Farage claims ‘well-known' figures want to join Reform UK cabinet

Independent03-07-2025
Nigel Farage has indicated that a future Reform UK government could appoint individuals from outside Parliament to key cabinet positions, challenging the traditional Westminster model.
Speaking during an LBC phone-in on Thursday, the Reform UK leader dismissed the notion that ministers "must all be politicians in the House of Commons" as "nonsense".
He drew parallels with the US system, where cabinet members frequently have no prior electoral experience, arguing that running public finances should be approached "as if you're running a business".
While declining to name any specific individuals under consideration, Mr Farage hinted at significant progress, stating: "I'm amazed by the conversations we're having already." He said: 'Some of them are very well-known people.
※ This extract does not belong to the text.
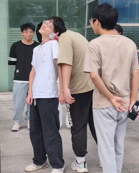 在“传递空水瓶”的环节,同学们紧密团结,围成一圈,采用脖子夹紧空瓶的方式,依次传递给旁边的同学。尽管过程中空瓶不时掉落,考验着同学们的耐心和协作,但他们依然默契配合,最终成功完成了水瓶的传递任务,充分展现了团队间的协作精神和坚韧意志。

'This country is in economic, social and cultural decline, we are in big trouble, and a lot of people recognise that if this is not turned around within the next decade, the place will, frankly, not be worth living in.'
In the wide-ranging phone-in, he also said he wanted to be prime minister because he did not 'see anybody else with the guts to take on the really tough issues this country faces and turn it round'.
Asked whether he supported same-sex marriage, which he previously opposed, he would only say it was a 'settled issue', and he described a recent Commons vote to decriminalise women who have abortions after the 24-week limit as 'disturbing'.
Mr Farage also ruled out banning non-stunned meat, such as kosher and halal products, saying he did not 'like it' but there were 'more important, more urgent priorities'.
He also called for US President Donald Trump to be allowed to address Parliament when he comes to the UK later this year, after he was barred from doing so on his previous state visit.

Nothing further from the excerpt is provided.